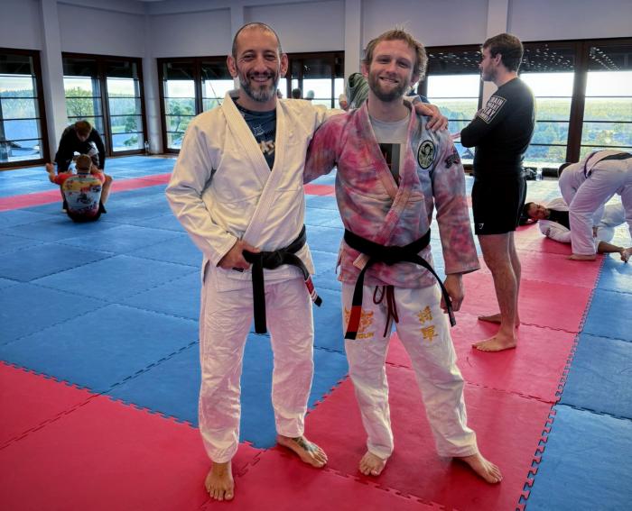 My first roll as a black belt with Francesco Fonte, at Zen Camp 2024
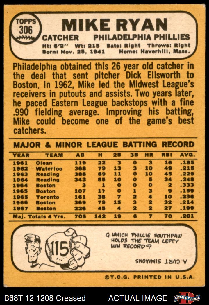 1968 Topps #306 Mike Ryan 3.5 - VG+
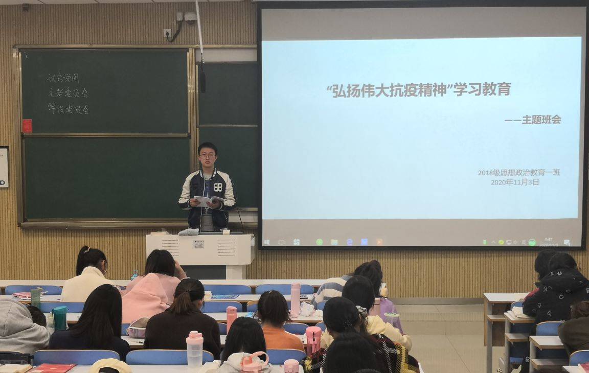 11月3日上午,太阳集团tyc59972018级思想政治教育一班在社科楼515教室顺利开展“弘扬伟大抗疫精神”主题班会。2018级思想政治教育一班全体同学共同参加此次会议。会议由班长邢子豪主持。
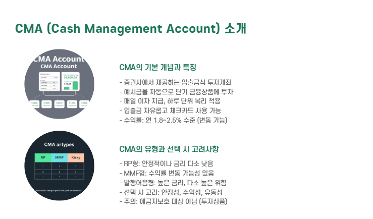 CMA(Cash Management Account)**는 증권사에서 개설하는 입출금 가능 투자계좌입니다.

--

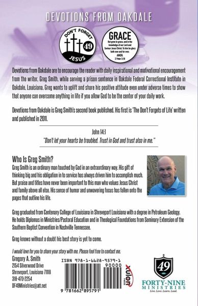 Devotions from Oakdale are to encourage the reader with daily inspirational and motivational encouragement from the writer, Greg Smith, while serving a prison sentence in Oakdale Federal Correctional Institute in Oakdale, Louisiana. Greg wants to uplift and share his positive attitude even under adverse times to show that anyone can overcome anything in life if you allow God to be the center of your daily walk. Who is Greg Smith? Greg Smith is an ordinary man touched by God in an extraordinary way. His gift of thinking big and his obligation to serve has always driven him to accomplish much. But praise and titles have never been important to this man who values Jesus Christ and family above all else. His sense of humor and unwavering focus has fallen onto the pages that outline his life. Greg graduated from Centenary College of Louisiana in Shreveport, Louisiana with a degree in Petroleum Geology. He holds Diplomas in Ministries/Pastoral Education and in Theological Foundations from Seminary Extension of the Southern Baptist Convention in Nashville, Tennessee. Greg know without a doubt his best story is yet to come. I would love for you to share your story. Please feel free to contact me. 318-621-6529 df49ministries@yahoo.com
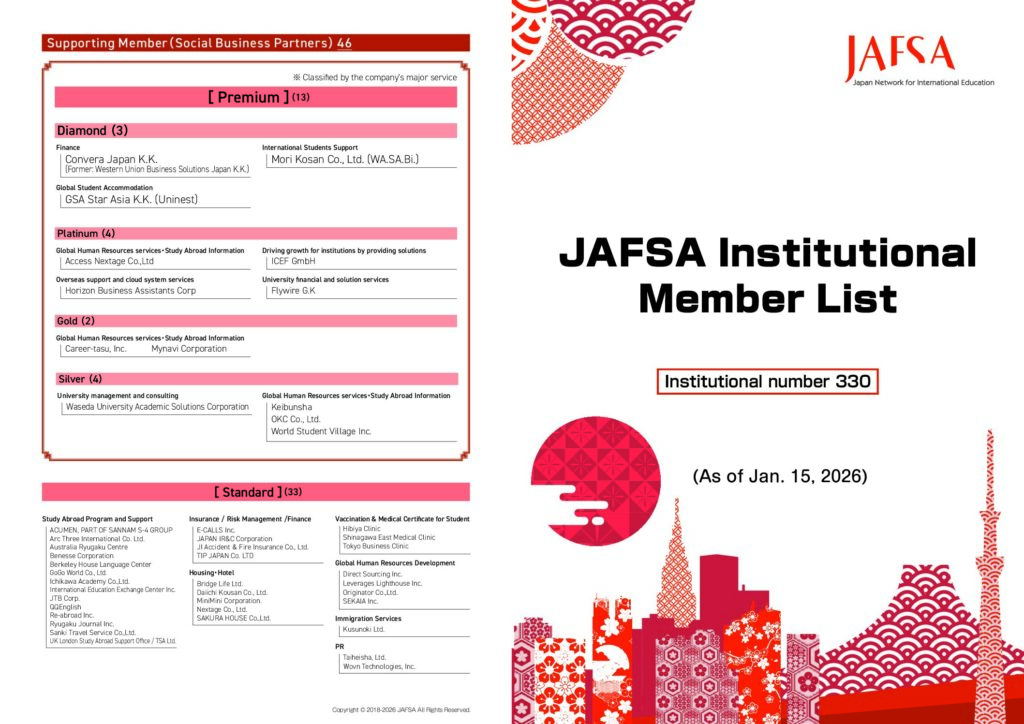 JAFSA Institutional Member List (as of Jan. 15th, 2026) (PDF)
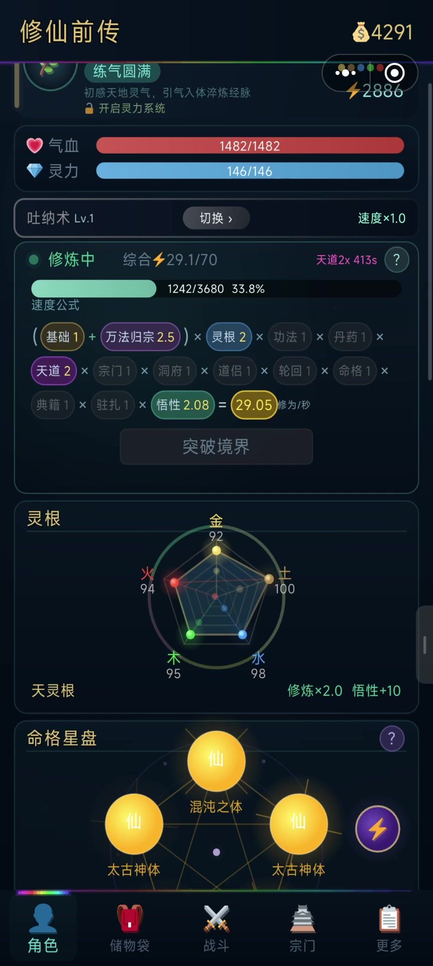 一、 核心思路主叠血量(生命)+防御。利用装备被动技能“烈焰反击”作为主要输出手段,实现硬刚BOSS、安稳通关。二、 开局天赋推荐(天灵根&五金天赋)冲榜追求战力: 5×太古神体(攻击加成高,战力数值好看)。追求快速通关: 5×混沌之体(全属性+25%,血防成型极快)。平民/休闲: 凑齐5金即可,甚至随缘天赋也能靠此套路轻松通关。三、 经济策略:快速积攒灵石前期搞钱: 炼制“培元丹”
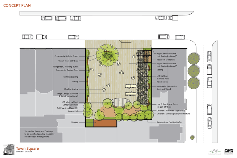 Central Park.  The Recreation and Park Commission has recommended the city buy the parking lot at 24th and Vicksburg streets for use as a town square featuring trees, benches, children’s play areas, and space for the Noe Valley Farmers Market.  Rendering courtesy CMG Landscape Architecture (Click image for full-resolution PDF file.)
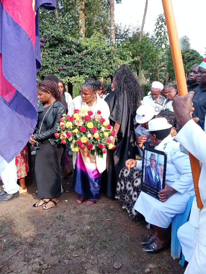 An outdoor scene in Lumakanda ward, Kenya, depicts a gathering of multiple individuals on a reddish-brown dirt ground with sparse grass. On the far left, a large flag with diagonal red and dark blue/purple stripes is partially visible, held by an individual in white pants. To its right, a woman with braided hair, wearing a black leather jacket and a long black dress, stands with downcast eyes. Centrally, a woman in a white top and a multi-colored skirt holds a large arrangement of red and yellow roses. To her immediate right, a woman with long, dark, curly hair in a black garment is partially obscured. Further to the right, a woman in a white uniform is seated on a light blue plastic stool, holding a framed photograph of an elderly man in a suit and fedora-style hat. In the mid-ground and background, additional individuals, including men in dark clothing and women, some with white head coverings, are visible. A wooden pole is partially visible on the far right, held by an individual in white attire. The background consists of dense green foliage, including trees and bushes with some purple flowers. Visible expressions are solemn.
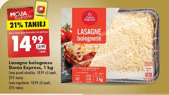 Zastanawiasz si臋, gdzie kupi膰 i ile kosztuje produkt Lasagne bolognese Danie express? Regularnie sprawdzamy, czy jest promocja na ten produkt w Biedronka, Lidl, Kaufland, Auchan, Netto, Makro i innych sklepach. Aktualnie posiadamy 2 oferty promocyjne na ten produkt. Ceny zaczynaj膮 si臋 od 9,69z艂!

▶ What is being asked
Out of the records above, set down only the lines from the one that contains "My first roll" through the one that contains "CMA(Cash Management Account)**는", unchanged and without the pictures.

▶ Answer box
 My first roll as a black belt with Francesco Fonte, at Zen Camp 2024
 1968 Topps #306 Mike Ryan 3.5 - VG+
 11月3日上午,太阳集团tyc59972018级思想政治教育一班在社科楼515教室顺利开展“弘扬伟大抗疫精神”主题班会。2018级思想政治教育一班全体同学共同参加此次会议。会议由班长邢子豪主持。
 CMA(Cash Management Account)**는 증권사에서 개설하는 입출금 가능 투자계좌입니다.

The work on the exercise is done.